Frederick Schnell, MD, FACP, medical director of COA, discusses how employers' concerns with cancer care coverage can be addressed without compromising quality.
Employers have a huge stake in their employees' health, and therefore should take interest in the sort of health care their employees are provided under their insurance coverage. Frederick Schnell, MD, FACP, medical director of the Community Oncology Alliance (COA), discusses how employers' concerns, particularly with cancer care coverage, can be addressed without compromising care quality.
Transcript
Based on your experience and feedback from member practices, what seem to be the biggest concerns employers have surrounding coverage for cancer care?

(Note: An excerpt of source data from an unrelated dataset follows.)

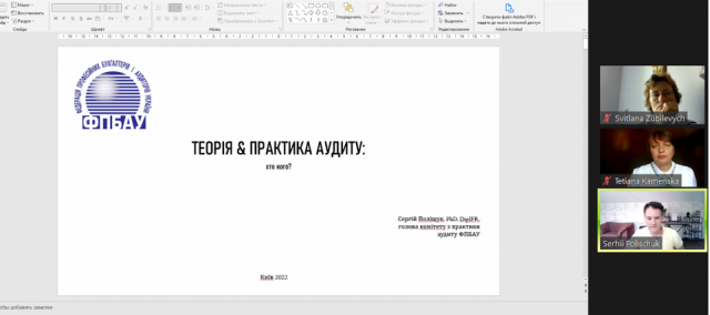 І навіть напередодні професійного свята «Дня бухгалтера та аудитора» бухгалтерська та аудиторська спільнота спрямовує зусилля для наближення перемоги, здійснюючи свою діяльність на економічному фронті. Так, у форматі марафону було проведено «IFRSForum Ukraine-2022 «На шляху до Перемоги та сталого розвитку», організовану Федерацією професійних бухгалтерів та аудиторів України (ФПБАУ). Серед учасників, які опікуються питаннями міжнародними стандартами фінансової звітності (МСФЗ), міжнародними стандартами аудиту (МСА), податковими питаннями, IT-ресурсами в бухгалтерській та аудиторській діяльності, підготовки фахівців з обліку і оподаткування в умовах воєнного часу – керівники, фінансові менеджери, головні бухгалтера, внутрішні та зовнішні аудитори, фахівці, а також представники закладів вищої освіти, серед яких і науково-педагогічні працівники кафедри обліку та оподаткування: завідувач кафедри, д.е.н., професор Любов Гуцаленко; д.е.н., професор Євгенія Калюга; к.е.н., доценти – Олена Боярова, Оксана Данілочкіна, Олена Колеснікова, Наталія Кузик, Володимир Литвиненко, Катерина Шевчук.
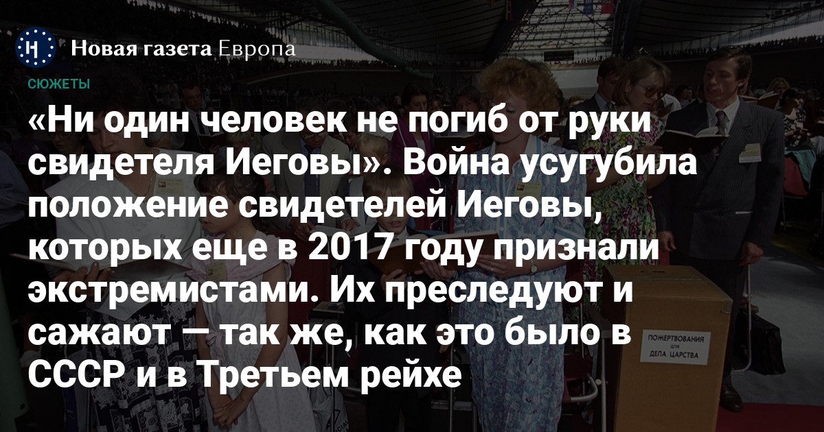В разные годы свидетелей Иеговы преследовали за аполитичность и антивоенные убеждения. Нежелание верующих идти на военную службу особенно раздражало гитлеровский и сталинский режимы. Путинский не стал исключением. Официальное преследование «экстремистов» свидетелей Иеговы ведется уже семь лет, а точечные репрессии начались еще в двухтысячных. Во время войны с Украиной положение верующих еще больше усложнилось.
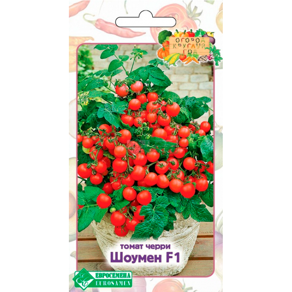Томат «Шоумен» - раннеспелый детерминантный гибрид черри-томата, в кистях которого формируется до 8-10 высокотоварных плодов красного цвета, массой около 20 гр.
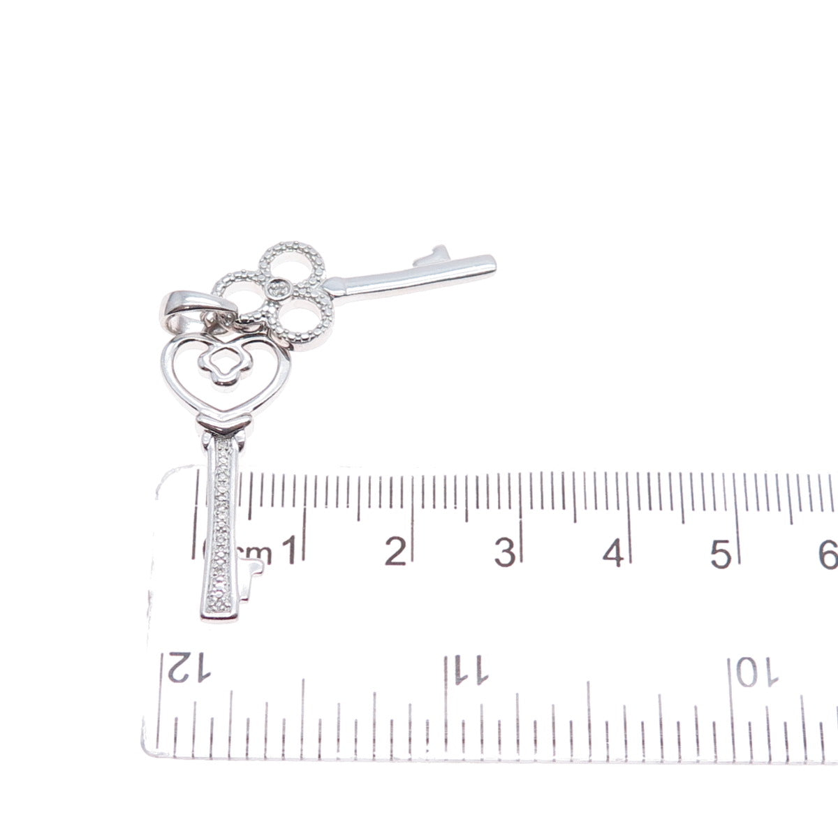 925 Sterling Silver Real Round-Cut Diamond Heart & Club Key Charm Pendant
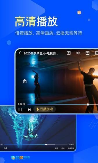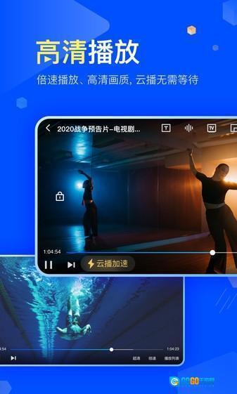 云盘内的视频内容支持直接播放,用户可体验双速播放、高清画质以及一键投屏功能。
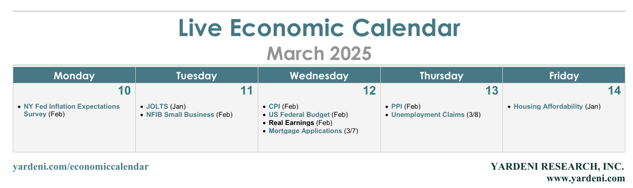 After several weeks of a growth scare, the attention this week will shift back to inflation. The new scare could be stagflation, which is the risk to our more upbeat economic outlook. CPI inflation has been reaccelerating since last fall when the Federal Reserve cut interest rates by 100bps (chart). Businesses may have raised prices in February in anticipation of tariffs.

The biggest concerns remain focused around cost and quality. But cost is still high. And the major cost issue for most of the employers that we interact with, as it relates to cancer care, is specialty drugs. You really can't make any headway in cancer care delivery in a more cost-effective way without ultimately addressing the drug costs.

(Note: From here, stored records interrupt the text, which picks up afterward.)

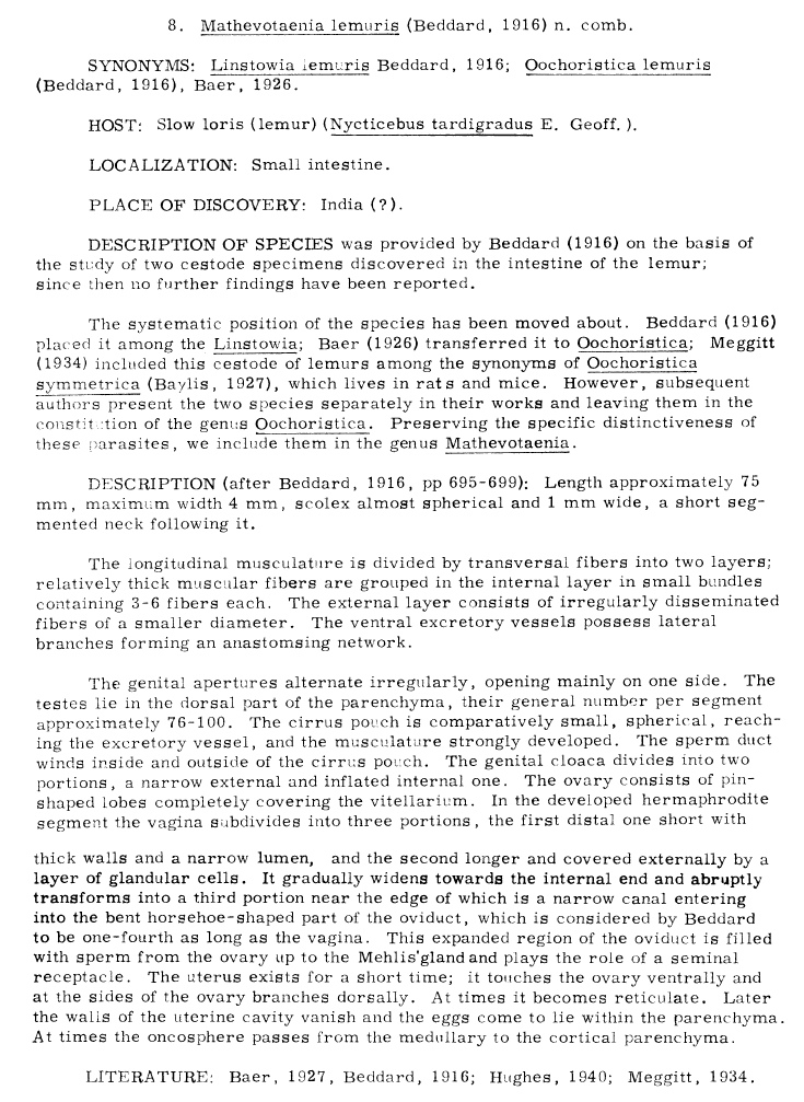Valid Name Mathevotaenia lemuris (Beddard, 1916) Spasskii, 1951
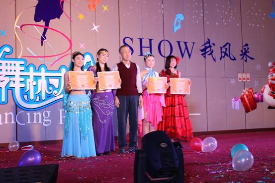 首先,公布优秀奖:英语71班健美操《Everytime we touch》、英语63班拐杖舞《Chi hua hua》、英语76班群舞《Crazy kids》、英语73班群舞《小苹果》、英语70班群舞《圣诞狂想》
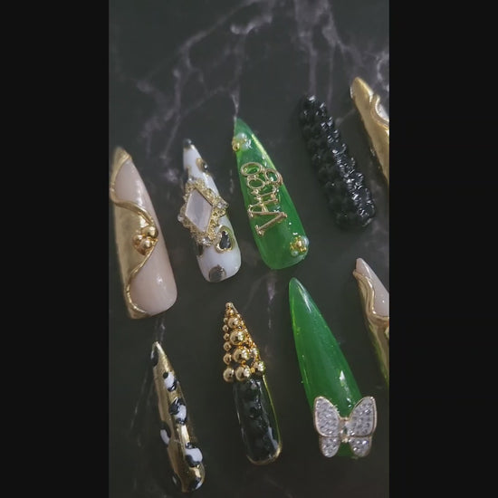 Unleash your inner goddess with our Virgo Luxe Press-On Nail Set, a bold and glamorous collection of 10 uniquely designed nails that blend elegance with fierce attitude. Perfect for statement-makers who love gold accents, rich emerald tones, and eye-catching embellishments.
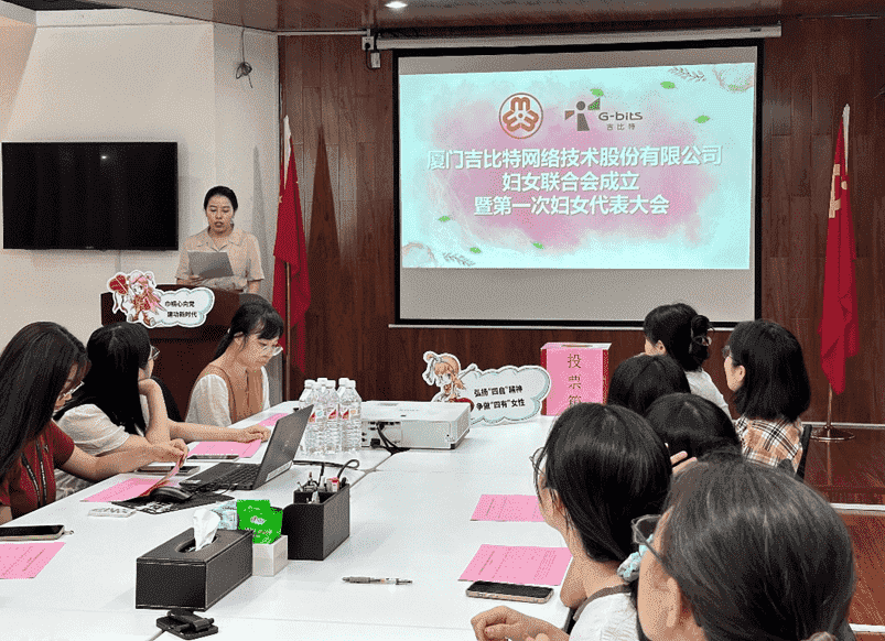 8月12日,,在厦门市妇联、、思明区妇联的指导下,,,厦门J9.COM网络技术股份有限公司妇女联合会成立暨第一次妇女代表大会顺利召开。。。。会议选举产生了第一届执行委员会委员7名,,,,其中主席1名,,,,副主席2名。。。

[COA] has been focusing a lot of our educational initiatives and interacting with employers on the use of precision medicine tools and have a strong, enduring focus and commitment to making biosimilars work in the marketplace. We have task forces touching on all of these initiatives, as well as those related to clinical pathways and to integrating high-quality clinical care delivered on the ground to these other cost initiatives.
We want the experience to improve, and we believe that quality of care and oncology in COA practices is on equal scale to any. I believe, as a community oncology practitioner for over 30 years, that's very much the case. We're going to try to deliver the value message as we go forward and are trying to develop means of controlling costs as part of quality.